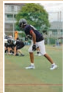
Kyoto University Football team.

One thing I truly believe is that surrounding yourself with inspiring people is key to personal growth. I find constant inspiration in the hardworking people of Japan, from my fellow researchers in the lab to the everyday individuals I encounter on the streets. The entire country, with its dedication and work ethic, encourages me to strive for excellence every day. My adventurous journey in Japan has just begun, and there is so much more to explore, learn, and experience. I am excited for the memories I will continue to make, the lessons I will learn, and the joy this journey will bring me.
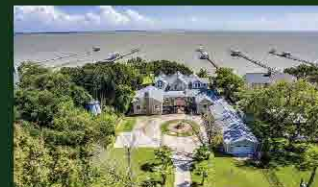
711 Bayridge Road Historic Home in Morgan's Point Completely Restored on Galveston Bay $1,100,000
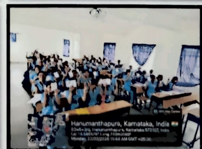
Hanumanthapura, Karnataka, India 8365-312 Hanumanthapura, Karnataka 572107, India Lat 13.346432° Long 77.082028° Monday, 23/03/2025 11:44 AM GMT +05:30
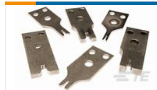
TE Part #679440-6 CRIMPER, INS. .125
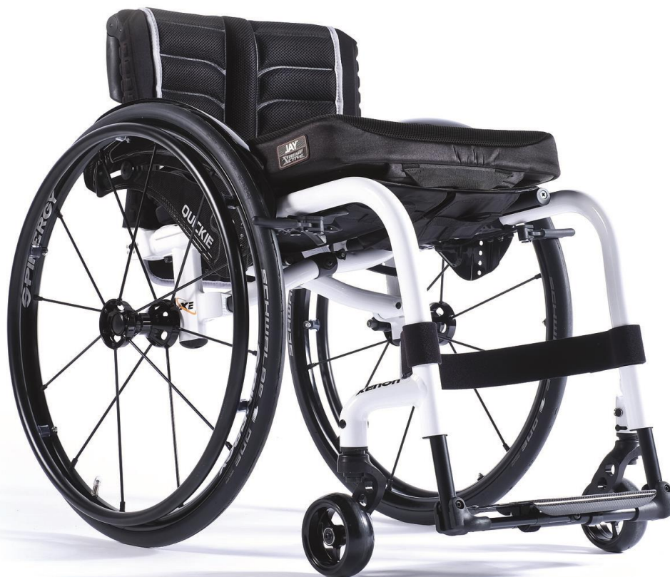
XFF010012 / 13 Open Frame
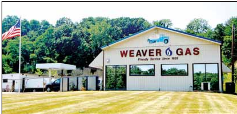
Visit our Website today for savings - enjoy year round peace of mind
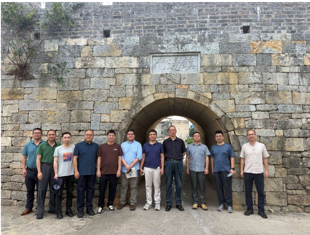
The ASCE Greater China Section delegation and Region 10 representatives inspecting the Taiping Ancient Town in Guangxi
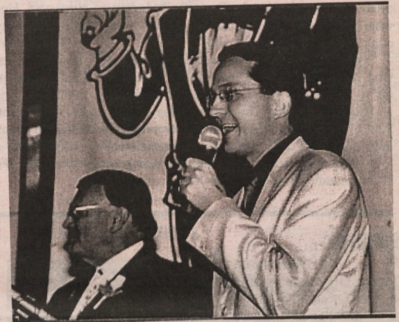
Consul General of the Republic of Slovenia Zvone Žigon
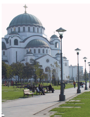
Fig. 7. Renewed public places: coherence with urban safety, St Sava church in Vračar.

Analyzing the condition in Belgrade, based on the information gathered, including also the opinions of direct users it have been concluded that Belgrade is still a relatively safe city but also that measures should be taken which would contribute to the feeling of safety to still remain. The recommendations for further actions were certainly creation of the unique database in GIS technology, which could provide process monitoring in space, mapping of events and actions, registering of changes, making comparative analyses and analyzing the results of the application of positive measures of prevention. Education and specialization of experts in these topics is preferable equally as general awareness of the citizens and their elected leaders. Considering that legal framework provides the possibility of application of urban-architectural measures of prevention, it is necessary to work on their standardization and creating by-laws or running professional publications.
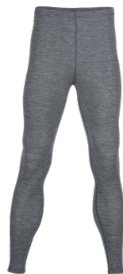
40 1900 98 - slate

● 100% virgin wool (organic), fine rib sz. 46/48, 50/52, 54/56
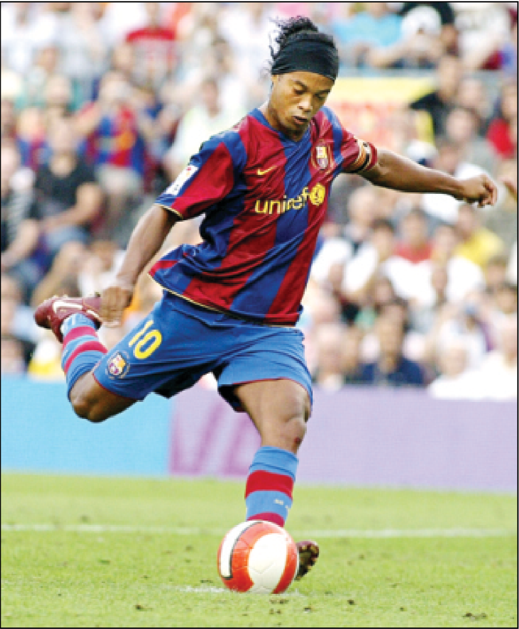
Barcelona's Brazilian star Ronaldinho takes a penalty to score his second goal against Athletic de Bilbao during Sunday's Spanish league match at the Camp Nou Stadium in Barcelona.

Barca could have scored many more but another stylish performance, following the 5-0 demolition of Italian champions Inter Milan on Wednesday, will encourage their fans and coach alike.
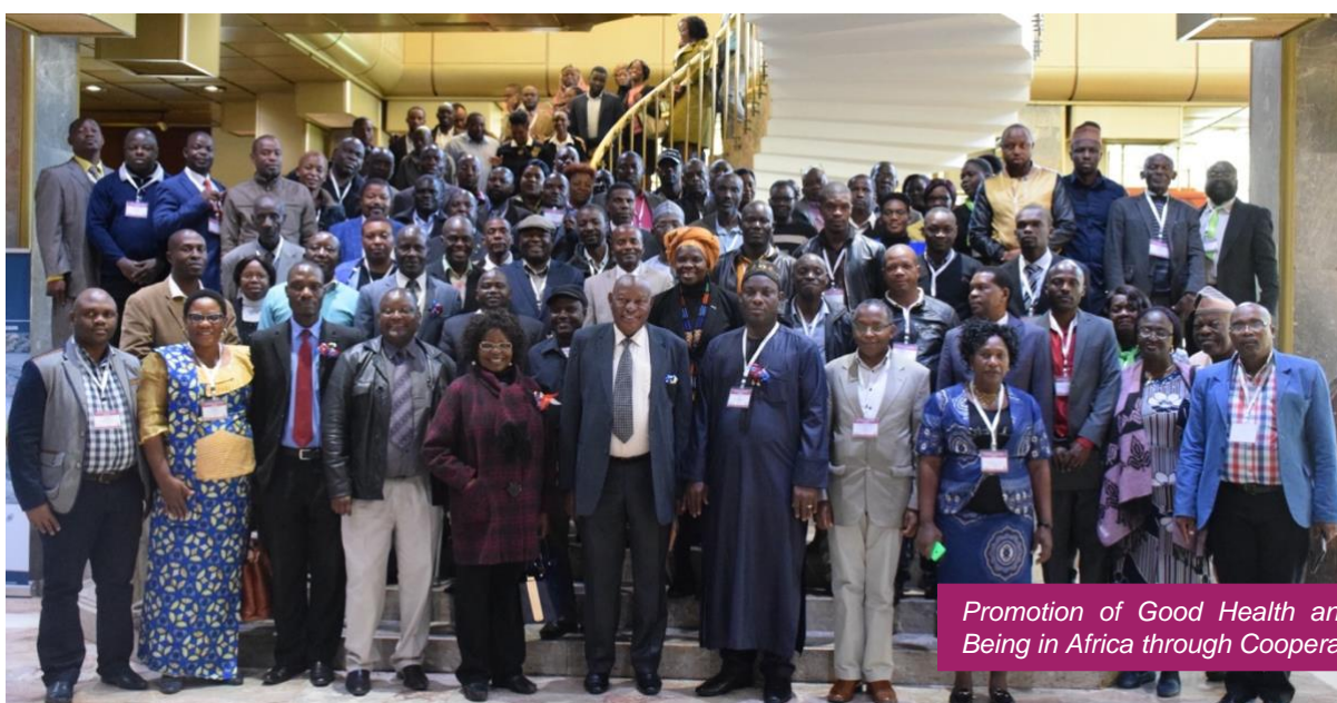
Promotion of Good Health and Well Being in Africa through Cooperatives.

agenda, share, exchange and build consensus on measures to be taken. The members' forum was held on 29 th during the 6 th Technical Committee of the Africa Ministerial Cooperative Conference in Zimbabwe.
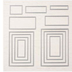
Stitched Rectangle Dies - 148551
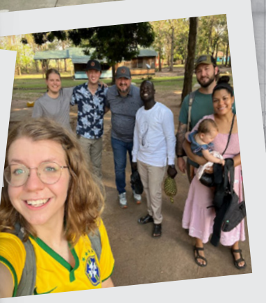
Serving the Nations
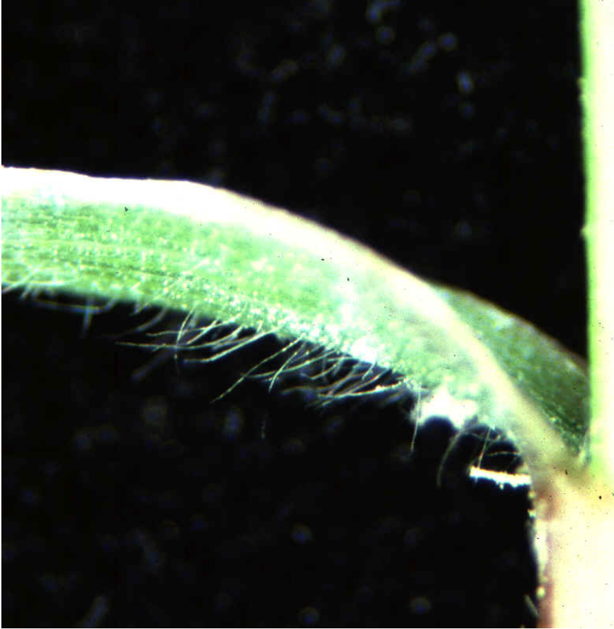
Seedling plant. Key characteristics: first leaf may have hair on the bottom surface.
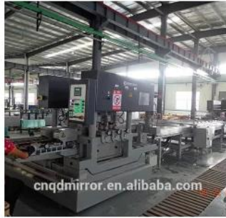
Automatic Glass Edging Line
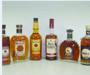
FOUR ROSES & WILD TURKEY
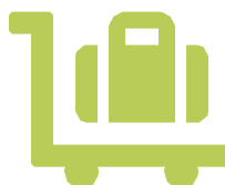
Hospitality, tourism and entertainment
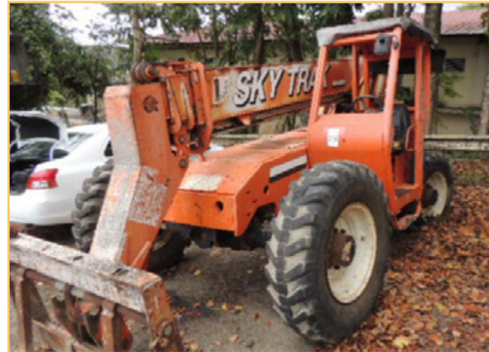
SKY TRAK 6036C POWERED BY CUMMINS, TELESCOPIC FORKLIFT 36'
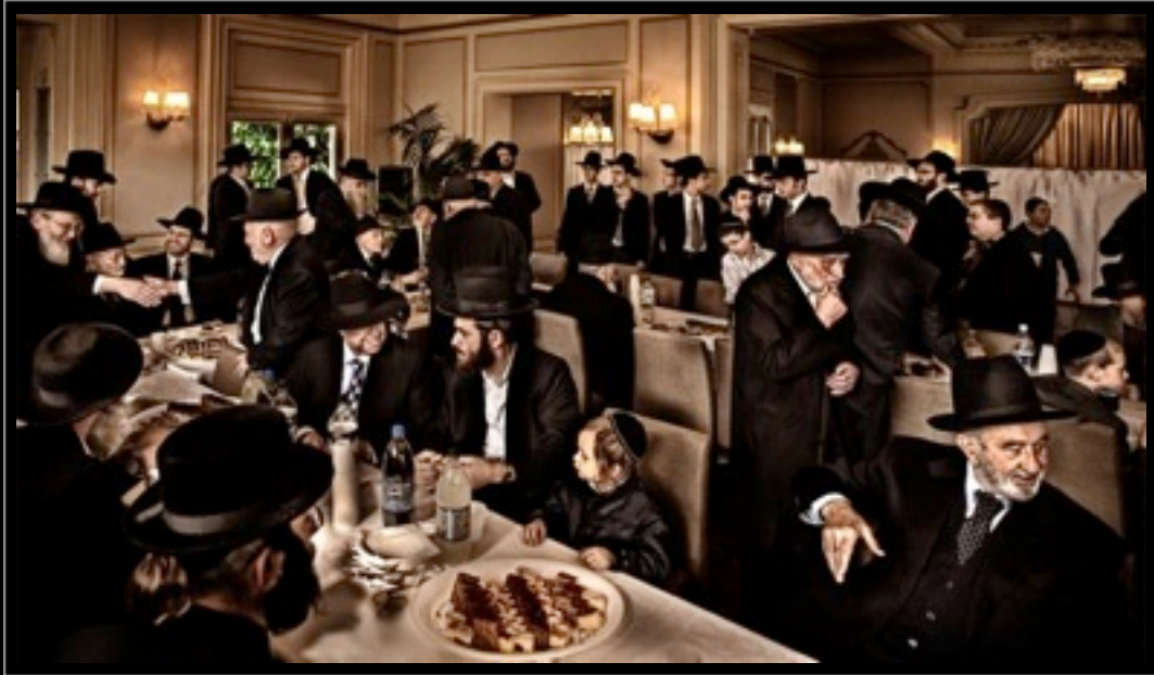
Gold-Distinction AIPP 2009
• • • • •
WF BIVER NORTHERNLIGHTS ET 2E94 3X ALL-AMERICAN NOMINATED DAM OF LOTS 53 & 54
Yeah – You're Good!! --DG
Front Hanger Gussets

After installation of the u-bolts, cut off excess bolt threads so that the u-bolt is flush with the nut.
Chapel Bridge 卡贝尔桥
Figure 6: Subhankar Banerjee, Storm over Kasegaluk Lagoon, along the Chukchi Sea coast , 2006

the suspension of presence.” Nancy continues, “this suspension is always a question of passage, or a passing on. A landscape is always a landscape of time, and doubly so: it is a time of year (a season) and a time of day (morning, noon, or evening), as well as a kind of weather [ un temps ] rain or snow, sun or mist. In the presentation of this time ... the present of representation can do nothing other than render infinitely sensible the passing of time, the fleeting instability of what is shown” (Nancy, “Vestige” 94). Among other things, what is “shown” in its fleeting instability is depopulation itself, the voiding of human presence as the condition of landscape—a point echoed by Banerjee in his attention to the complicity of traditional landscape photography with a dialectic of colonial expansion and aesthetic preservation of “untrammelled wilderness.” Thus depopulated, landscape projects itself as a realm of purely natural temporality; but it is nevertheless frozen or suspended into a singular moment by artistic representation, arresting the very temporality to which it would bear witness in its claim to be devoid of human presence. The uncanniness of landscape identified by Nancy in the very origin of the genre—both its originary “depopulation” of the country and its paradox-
• • • • •
> Exercise description:
Could you return every line from the entries above in which the string "will" occurs?

> Output of the task:
One thing I truly believe is that surrounding yourself with inspiring people is key to personal growth. I find constant inspiration in the hardworking people of Japan, from my fellow researchers in the lab to the everyday individuals I encounter on the streets. The entire country, with its dedication and work ethic, encourages me to strive for excellence every day. My adventurous journey in Japan has just begun, and there is so much more to explore, learn, and experience. I am excited for the memories I will continue to make, the lessons I will learn, and the joy this journey will bring me.
Barca could have scored many more but another stylish performance, following the 5-0 demolition of Italian champions Inter Milan on Wednesday, will encourage their fans and coach alike.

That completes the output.